Economics is the Greek term for the management of the household. To economize is to get the most for the least amount of effort. In today's world, these two terms have been turned upon each other in a battle between healthy households and savvy speculators.

Those looking to economize have taken the term literally, buying and selling real estate for an easy profit with little real effort or risk. Their main skill is engaging in a speculative study of households. Speculators understand that communities who benefit from new public infrastructure or the existence of a creative arts scene will soon draw added attention. This attention is delivered as a free lunch to landowners via rising property prices.

In the meantime, households are too busy working to notice that it now requires two income earners to meet the demands for an average mortgage in many countries. Households are led to believe There Is No Alternative.

Fannie Mae has recently taken to economize by bulk selling foreclosed homes by the thousands to large investors. Investors receive a group discount, for which they are expected to use repairing derelict properties to put on the market.

This is a contradiction in economic behavior.

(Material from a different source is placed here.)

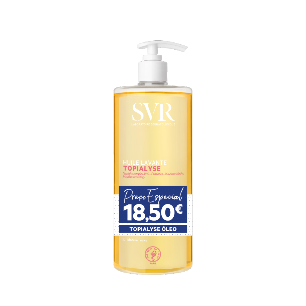 O óleo lavante Topialyse Micelar da marca SVR conta com uma fonte de ómegas 3, 6, 9 o que permite repor o equilíbrio da barreira cutânea.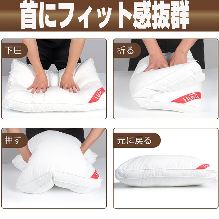 羽毛が入った枕のように、ふわっふわのソフトな寝心地。柔らかいのに適度な弾力があるので、しっかりと頭を支え、寝姿勢をサポートします。

It is well known in the upper echelons that the land is what goes up in value, not the house. There is little motivation to renovate. These mega landlords, the over-lords of so many people's lives, will in effect drip feed the market by holding Real Estate 4 Ransom ( http://realestate4ransom.com/ ) to maintain rising property prices. They know that the land will go up in value over time, so the use of houses by families matters little. The cover story has been that the majority of such sales will be sold as occupied units. What will happen with the remaining foreclosures, many of which are vacant?

It is now cheaper to buy than rent. According to Deutsche Bank ( http://pragcap.com/rent-to-own-shows-the-buy-high-sell-low-mentality-of-investors ) , the rent-buy ratio is at a record 114%, and above 100% for the fifth consecutive month. With manufacturing wage levels decimated during this Great Recession, savings possibilities are minimal. Workers have been crunched with both lower wages and higher rents. The drip feeding of houses to the market will ensure this situation continues.

The banks have been bailed out. Now it's the property speculators turn. Chicago's Pritzker family ( http://revcom.us/a/150online/fitch_speech-en.html ) will be rubbing their hands together. The Great American Dream is being locked up for the 1%.

Ben Bernanke is literally begging for the creation of the next bubble. Low interest rates have given cheap money to speculators to dive into the foreclosed market and snap up prime locations.

The latest US census data showed there were 24 vacant homes for every homeless person. ( http://www.treehugger.com/sustainable-product-design/186-million-empty-houses-in-america.html ) This is a sign that home prices should fall further, especially now that the robo-signing fiasco is over and foreclosures are expected to rise again.

This is a danger to the banking industry. The solution to the housing over-supply issue has been to demolish houses, board up entire suburbs and keep them as shadow inventory. With the Real Estate 4 Ransom practice alive and well, now we are seeing policies to encourage a greater concentration of ownership amongst the 1% with these bulk sales.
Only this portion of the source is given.